▸ **Problem description**:
The reply should hold every record, copied exactly, and none of the pictures.

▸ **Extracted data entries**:
○ ○ ○

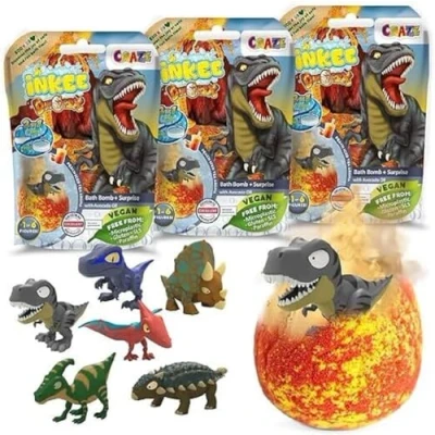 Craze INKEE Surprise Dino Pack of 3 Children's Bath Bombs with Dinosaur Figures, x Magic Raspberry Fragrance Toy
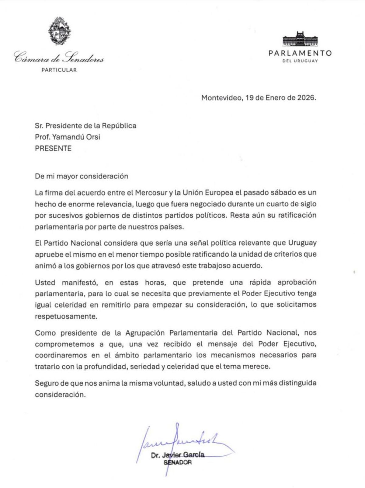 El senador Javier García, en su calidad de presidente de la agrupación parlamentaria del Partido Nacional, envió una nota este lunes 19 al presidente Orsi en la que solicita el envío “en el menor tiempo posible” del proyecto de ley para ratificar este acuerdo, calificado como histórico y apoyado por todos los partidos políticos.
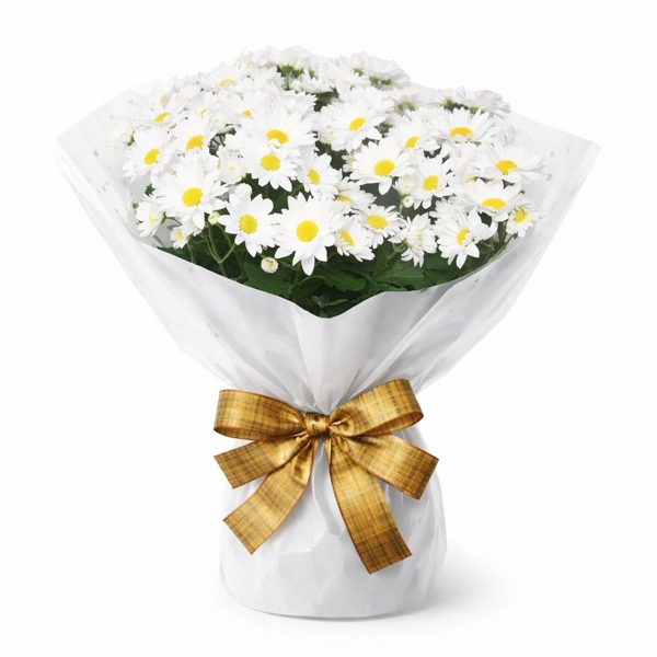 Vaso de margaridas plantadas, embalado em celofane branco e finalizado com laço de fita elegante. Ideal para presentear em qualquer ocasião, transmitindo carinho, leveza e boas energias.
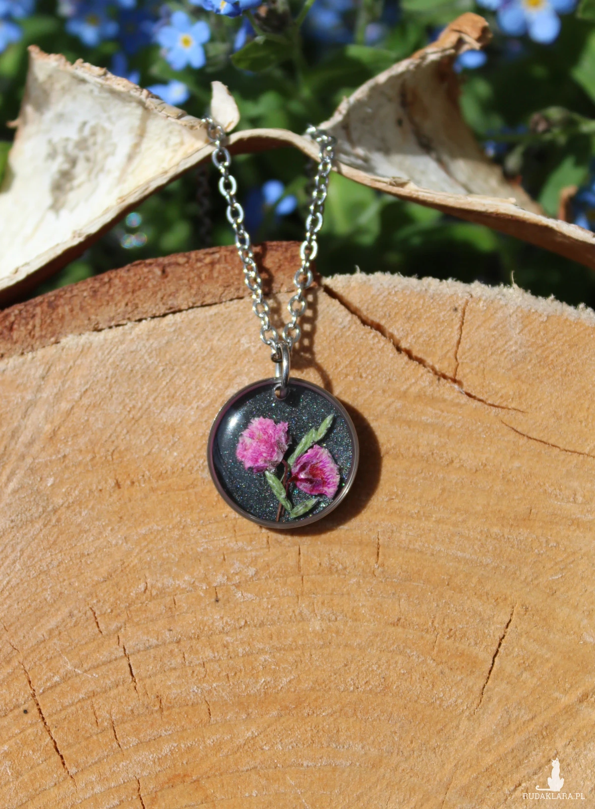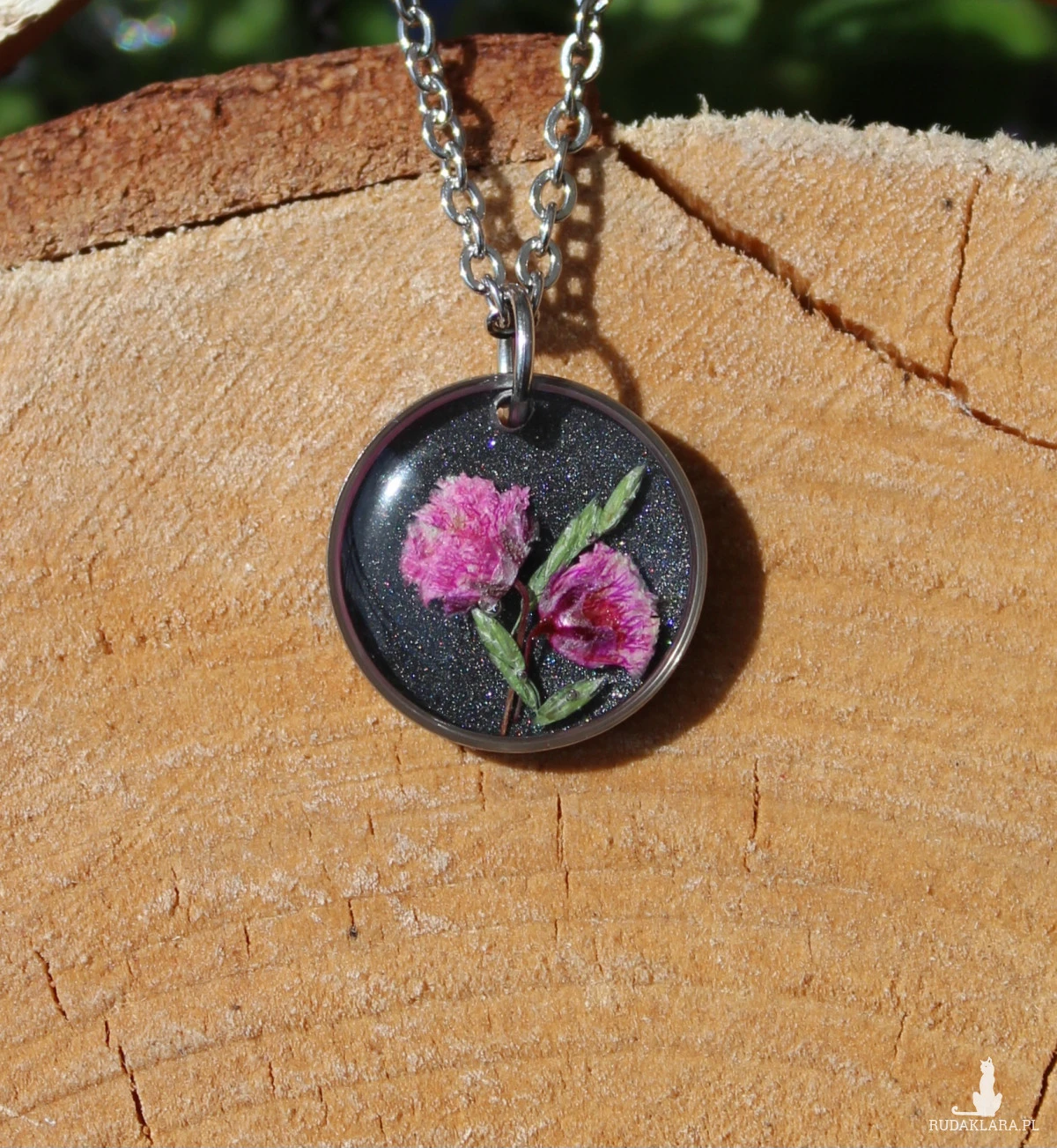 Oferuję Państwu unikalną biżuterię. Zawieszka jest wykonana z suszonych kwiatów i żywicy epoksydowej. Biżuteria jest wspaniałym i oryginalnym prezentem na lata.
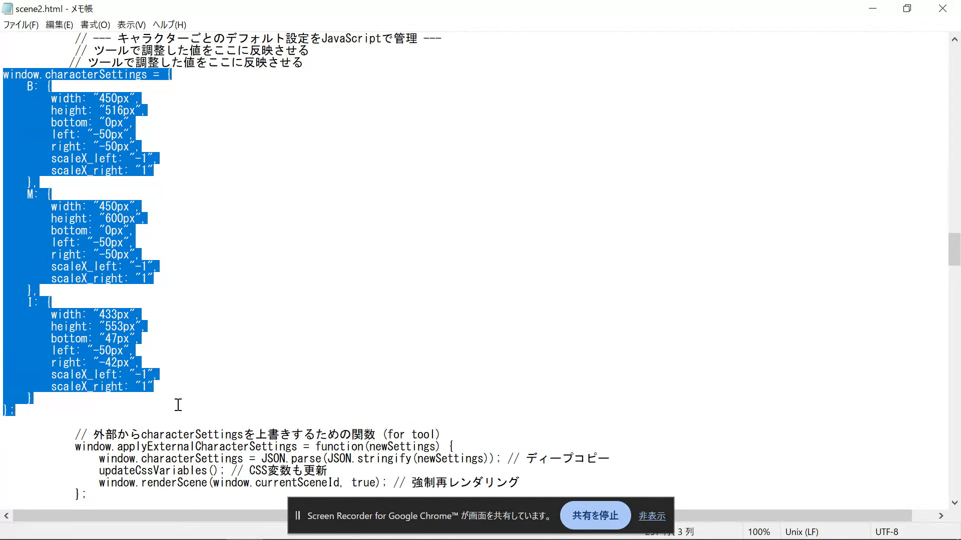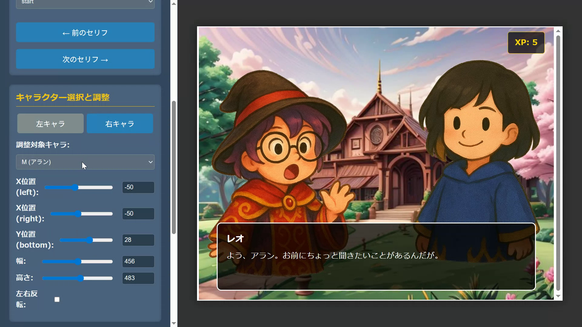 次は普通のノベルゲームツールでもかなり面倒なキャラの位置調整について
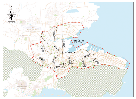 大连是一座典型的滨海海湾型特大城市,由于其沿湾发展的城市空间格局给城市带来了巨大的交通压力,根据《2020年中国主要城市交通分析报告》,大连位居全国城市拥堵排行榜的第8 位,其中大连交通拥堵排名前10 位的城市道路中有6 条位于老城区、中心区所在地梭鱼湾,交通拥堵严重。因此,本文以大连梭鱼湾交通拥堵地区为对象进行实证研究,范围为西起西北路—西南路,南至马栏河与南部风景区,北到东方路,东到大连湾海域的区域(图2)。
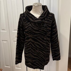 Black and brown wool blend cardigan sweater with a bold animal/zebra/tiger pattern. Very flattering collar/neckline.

○ ○ ○

▸ **Answer section**:
 Craze INKEE Surprise Dino Pack of 3 Children's Bath Bombs with Dinosaur Figures, x Magic Raspberry Fragrance Toy
 El senador Javier García, en su calidad de presidente de la agrupación parlamentaria del Partido Nacional, envió una nota este lunes 19 al presidente Orsi en la que solicita el envío “en el menor tiempo posible” del proyecto de ley para ratificar este acuerdo, calificado como histórico y apoyado por todos los partidos políticos.
 Vaso de margaridas plantadas, embalado em celofane branco e finalizado com laço de fita elegante. Ideal para presentear em qualquer ocasião, transmitindo carinho, leveza e boas energias.
 Oferuję Państwu unikalną biżuterię. Zawieszka jest wykonana z suszonych kwiatów i żywicy epoksydowej. Biżuteria jest wspaniałym i oryginalnym prezentem na lata.
 次は普通のノベルゲームツールでもかなり面倒なキャラの位置調整について
 大连是一座典型的滨海海湾型特大城市,由于其沿湾发展的城市空间格局给城市带来了巨大的交通压力,根据《2020年中国主要城市交通分析报告》,大连位居全国城市拥堵排行榜的第8 位,其中大连交通拥堵排名前10 位的城市道路中有6 条位于老城区、中心区所在地梭鱼湾,交通拥堵严重。因此,本文以大连梭鱼湾交通拥堵地区为对象进行实证研究,范围为西起西北路—西南路,南至马栏河与南部风景区,北到东方路,东到大连湾海域的区域(图2)。
 Black and brown wool blend cardigan sweater with a bold animal/zebra/tiger pattern. Very flattering collar/neckline.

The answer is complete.